IN THE sleepy village of Bangor-on-Dee you will find one of the region’s oldest businesses, producing traditional wares in the same fashion it did five generations ago.

The Johnson family have been making baskets since the 19th century.

Brothers James and Charlie Johnson earned their living by coracle fishing on the Dee but, when the catch was poor, they would supplement their income by cutting bundles of willows from the riverside and taking them home to make baskets to sell.

Fishing permits became difficult to obtain so the brothers began to rely on basket weaving as their main source of income.
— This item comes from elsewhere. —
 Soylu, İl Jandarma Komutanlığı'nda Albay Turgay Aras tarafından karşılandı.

Today, James’ great grandson Robert Johnson can be found in a workshop behind J. Johnson & Son’s workshop engaged in this very same practice, alongside Ken Griffiths, 67, who has been with the company since he was a boy.

“It was James and Charlie Johnson that started it all off,” Ken explained as he continued to weave the willow. “But it was Robert’s grandfather James who expanded the business.
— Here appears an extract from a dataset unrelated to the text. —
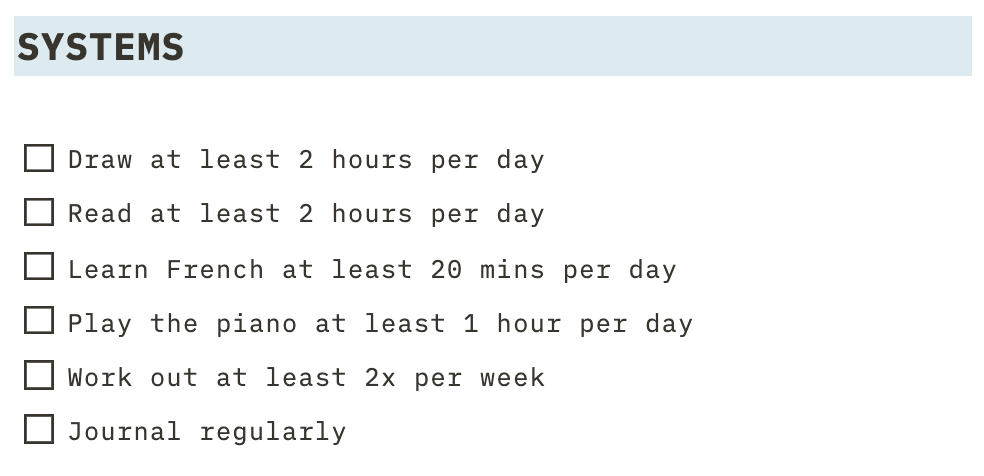 - Focus on systems instead of goals

“He was badly injured in the First World War and was taken to hospital in Leeds.
One of the forms of physiotherapy then was basket making which he did to help strengthen his arm.
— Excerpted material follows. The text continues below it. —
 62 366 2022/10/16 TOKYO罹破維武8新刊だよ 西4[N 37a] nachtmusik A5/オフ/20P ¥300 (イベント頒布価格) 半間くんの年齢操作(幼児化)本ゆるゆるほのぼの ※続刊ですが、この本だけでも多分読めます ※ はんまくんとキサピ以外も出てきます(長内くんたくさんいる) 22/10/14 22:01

“He met and married one of the nurses there (Mabel Marion Arnold) and, when they came back here, they improved the business.”

On leaving hospital, James had undertaken a two-year apprenticeship with a firm of basket makers in Leeds and, on his return to Bangor-on-Dee, planted a willow bed which until recently was still harvested by the family.

“When I first started, basket weaving was about half the business, the rest came from selling the willow,“ Ken recalled. “We used to grow our own stuff and send it off to places like Manchester.

“It was big business in those days but, as the demand from elsewhere dried up, we started doing more and more basket weaving.

“The beds needed money spending on them and harvesting them was a very labour intensive process – you’d have to cut it and sort it and then the women would come along and put them through individually.

“We gave up the beds about eight or nine years ago, now the willow is brought up from Somerset.”

While they no longer have to toil on the riverbank, basket weaving remains a very time-consuming process.

The tools and equipment involved are the same as would have been used hundreds of years ago and there is no automation or machine tools involved.

But the name of J. Johnson & Son and the quality of their products is recognised far and wide.

Ken and Robert will often be called upon to demonstrate their skills to community groups and visitors from as far afield as Australia and the USA have visited especially to see them at work.

As well as the hand-crafted items on display in the showroom, much of what they do is bespoke items, made to order for customers.

The Duke of Westminster has a J. Johnson & Sons log basket and their wares can also be seen in the National Trust properties of Chirk Castle and Erddig Hall.

They have made some more unusual items – a ‘bath chair’ for a local antiques dealer and a huge basket, big enough for three men to disappear into, which was used in a stage production at Theatre Clwyd in Mold.

Basket weaving is very much an integral part of the business but they have also expanded further to offer cane furniture, repairs and even replacement cushions so that tired wicker chairs and settees can be revamped and recycled.

Whereas customers would have had to seek out James and Charlie to get hold of their wares, in the 21st century they can now buy them at the click of the mouse.

They may have moved with the times to some extent but J. Johnson & Son is very much a family enterprise.

James and Mabel had a son, Cyril, who left school at 15 to work with his father.

Cyril married Jane and the couple had five children – two sons and three daughters - all of whom have had basket making experience.

Sadly, Cyril passed away in 1997, so the business is now run by Jane together with her family Julie, Robert, Carol and their brother Paul also helps out at busy times.

Jane now has eight grandchildren, all of whom have shown a great interest in basket making.

So it seems that one of Wrexham’s oldest family businesses will be in good hands for generations to come.